Sunday, June 29, 2014


I like mythology.  I hate mythology.  I don't know that there is any other way to interact with it.  By mythology, I mean the sum total of stories we tell about the world around us to explain it to ourselves and that we assume in some way to be true/useful or that in history at some point someone assumed to be true/useful.

For an example of why I love and hate mythology, take the Greek and Roman mythology.  Much of it provided some way to try to make sense of the supernatural forces that were assumed to pervade reality.  Much of it describes events happening which are frankly brutal and disgusting and gods in general who are capricious and difficult to respect in any kind of normal human moral context.  But the world is a scary place with lots of things happening all the time that are brutal and make no sense in a moral context if you assume someone is responsible for all the random stuff that happens to you, so the brutality and amorality actually probably to many made the myths more compelling- not less.  The myths also provided a sense of common identity, a model for how idealized inter city interactions might take place, and a sense of traditional enemies and how they might be viewed and treated.

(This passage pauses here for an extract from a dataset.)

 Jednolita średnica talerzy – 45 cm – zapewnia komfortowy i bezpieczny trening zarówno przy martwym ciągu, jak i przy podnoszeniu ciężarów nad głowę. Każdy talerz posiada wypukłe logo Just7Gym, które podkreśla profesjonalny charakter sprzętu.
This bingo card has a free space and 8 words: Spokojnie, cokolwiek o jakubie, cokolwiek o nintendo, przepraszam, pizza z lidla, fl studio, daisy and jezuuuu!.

Some myths don't have to be believed as real to be viewed as useful.  A long time ago in a website far far extinct a completely fictionalized myth was created for people on the autism spectrum.  While nobody viewed the mythos as "real" in any literal sense, the "Aspergian Island" mythology created a sense of community and a common way of expressing the frustrations of living an autistic life and resonated widely and spawned a whole family of web forums and other communities which were very helpful to many people during a darker time of autism acceptance just not being a very high social priority and where it wasn't uncommon to hear about people claiming poison such as that anti bullying measures weren't needed because autistics didn't have emotions anyways.

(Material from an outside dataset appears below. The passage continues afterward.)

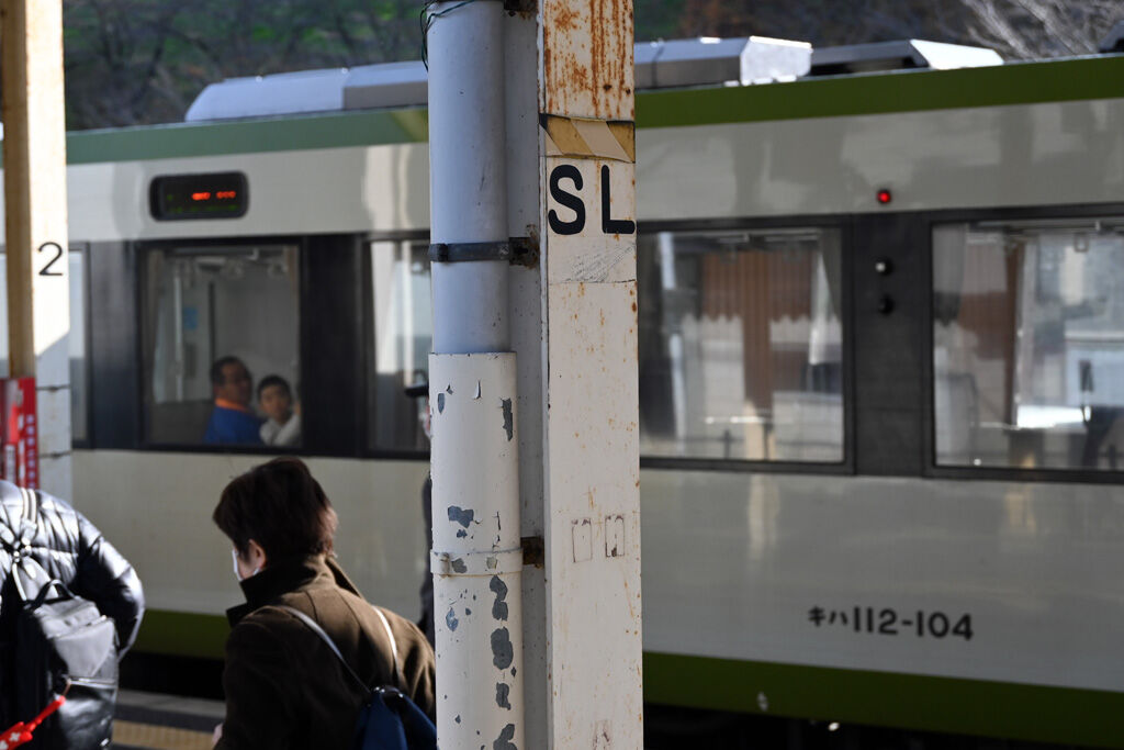 駅の柱にそれほど古くない「SL」の表示が。東線が無煙化されたのは57年前ですから、その当時の物ではないでしょう。2004年に走ったSLあぶくま号の時のものかもしれません。

So where's the problem?  Well, humans tend to form into tribal groups that want to love the people inside of them and hate the people outside of them.  Myths often are the language spoken to express the justification for these barriers.  Also, myths form the expression of how to punish and how to justify punishing someone who doesn't conform to the in group.  We can limit the needless destruction by trying to make our myths as accurate as possible and subjecting them to revision such as in science.  But as imperfect human beings, our will to punish or exclude traitors or outsiders easily overshadows the usefulness the myths provide. And that is why I hate myths.  Life in its totality is a mystery.  We all, in a sense, live in Plato's cave.  And the more we are sure we have the correct story of how the world works then the more we are willing to justify the emotional and social abuse heaped on ousiders or traitors.  And the more we are sure we are right the less willing we are to open our minds to the possibility of being wrong and needing to make course corrections.

So as I said before, I love and hate myths.  I don't know that it is possible to completely due without them, but to resolve the basic tension between loving everyone and loving only those we are like you a head on attack on the reliability of the myths must be made.